Thank you for liking the butterflies and pushing for it.  If they make it in the purple butterflies I'll definitely have to put it on my birthday gift wish list. Then I will have to wait, fortunately my birthday is in February so it won't be a long wait.   

I'm thinking with all the other orders  it won't come out until after Christmas, if it hits before I know what to hint to Santa.


----------



## badgoodDeb

Thank you to PraiseGod13 and to Kirstin, for the reassurance and the photos, that the 6x9 Oberon Journal would fit a Kindle too. I was tempted to do that ..... but reading that you had tried it, and seeing your photos, convinced me to go ahead. So I've ordered the red "River Garden" (another wrap around cover) from an Oberon re-seller (i.e. this cover was already made up). [ Unfortunately, I had to splurge and get a 5x7 cover too, just because they are too gorgeous. I think I'll cover any paperbooks that I still read, with the smaller leather cover.]

I just joined your forum today, so I could properly thank these two gals.  

badgoodDeb aka. in other places as GodsKid


----------



## Betsy the Quilter

badgoodDeb said:


> Thank you to PraiseGod13 and to Kirstin, for the reassurance and the photos, that the 6x9 Oberon Journal would fit a Kindle too. I was tempted to do that ..... but reading that you had tried it, and seeing your photos, convinced me to go ahead. So I've ordered the red "River Garden" (another wrap around cover) from an Oberon re-seller (i.e. this cover was already made up). [ Unfortunately, I had to splurge and get a 5x7 cover too, just because they are too gorgeous. I think I'll cover any paperbooks that I still read, with the smaller leather cover.]
> 
> I just joined your forum today, so I could properly thank these two gals.
> 
> badgoodDeb aka. in other places as GodsKid


Welcome!!! Glad you joined. Sounds like you'll fit in just fine in accessories!

Betsy


----------



## DawnOfChaos

The covers are no longer listed on oberon.  You can click Kindle, but when you go to Kindle Cover none are listed.  Someone from 'the other board' mentioned they called Oberon and was told there is an issue making them.

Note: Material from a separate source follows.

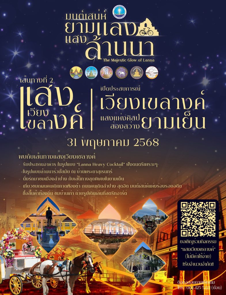 มนต์เสน่ห์ยามแลง แสงล้านนา” กิจกรรมภายใต้โครงการส่งเสริมการท่องเที่ยวเมืองเก่าอารยธรรมล้านนา จัดโดย สำนักงานการท่องเที่ยวและกีฬาจังหวัดเชียงใหม่ เส้นทางที่ 2 : แสงเวียงเขลางค์ : จังหวัดลำปาง กิจกรรมดี ๆ ที่ผสานวัฒนธรรมล้านนาเข้ากับแสงเวียงเขลางค์ รับประทานอาหาร ในรูปแบบ “Lanna Heavy Cocktail” ฟังดนตรีเพราะๆ ในรูปแบบล้านนาร่วมสมัย ณ บ้านพระยาสุเรนทร์ นั่งรถมาชมเมืองลำปาง กับเส้นทางสุดพิเศษในยามเย็น เที่ยวชมถนนคนเดินกาดกองต้า ถนนคนเดินลำปาง สุดฮิต มนต์เสน่ห์แห่งร่องรอยอดีตซื้อสินค้าท้องถิ่น ชมบ้านเก่า ถ่ายรูปเดินเล่นที่สตรีทอาร์ต ยามเย็นวันเสาร์ที่ 31 พ.ค. เวลา 16:00น. เป็นต้นไป มาร่วมเดินทางชมแสงเวียงเขลางค์ จุดนัดพบ : บ้านพระยาสุเรนทร์ (จอดรถที่สถานีรถไฟนครลำปาง)ลงทะเบียนได้ที่นี่ : https://docs.google.com/…/16LgJVVhoJ_PgvVA…/viewform…(รับจำนวนจำกัด ลงทะเบียนเข้าร่วมกิจกรรมไม่มีค่าใช้จ่าย)สอบถามรายละเอียดเพิ่มเติม โทร 0631468143ลงทะเบียนเพื่อเข้าร่วมกิจกรรม”แสงเวียงเขลางค์” ได้ที่นี่ ดูน้อยลง Post navigation รมว.ท่องเที่ยวและกีฬา เปิดงาน “Thai Fists in Thai Fest” กลางกรุงปารีส ดันมวยไทยสู่เวทีโลก หนุน Soft Power ไทยสร้างแรงบันดาลใจนักท่องเที่ยว หวานไม่ลืมในเมืองหมอกแม่ฮ่องสอน ชวนลิ้มลองขนมโบราณไทใหญ่ที่หากินที่อื่นไม่ได้

I'm still debating, but I may just put some velcro on my journal cover (my original cover doesn't fit ).


----------



## Betsy the Quilter

Patrizia?  Any word?

Perhaps they are just overwhelmed with orders...

Betsy


----------



## Wisteria Clematis

Oh noooooo!!!


----------



## Sandpiper

I hope it is that Oberon is overwhelmed with orders.  In this economy, that would be a good thing for them.  Happy holidays!


----------



## cush

Don't despair, there is good news coming.  Those of you with pending orders watch your email.


----------



## Linda Cannon-Mott

badgoodDeb said:


> Thank you to PraiseGod13 and to Kirstin, for the reassurance and the photos, that the 6x9 Oberon Journal would fit a Kindle too. I was tempted to do that ..... but reading that you had tried it, and seeing your photos, convinced me to go ahead. So I've ordered the red "River Garden" (another wrap around cover) from an Oberon re-seller (i.e. this cover was already made up). [ Unfortunately, I had to splurge and get a 5x7 cover too, just because they are too gorgeous. I think I'll cover any paperbooks that I still read, with the smaller leather cover.]
> 
> I just joined your forum today, so I could properly thank these two gals.
> 
> badgoodDeb aka. in other places as GodsKid


Welcome Deb! Looking forward to more posts from you, this is a fun place to be. Go to Intro/Welcome Forum and introduce youself, guaranteed to receive a warm welcome.  Congrats on your Oberon cover, they are gorgeous.


----------



## Spiritdancer

I just checked Oberon's website and the Kindle covers were still there.  Whew!  I have the Tree of Life on my Christmas list...which is making me crazy because I so want to order it now!  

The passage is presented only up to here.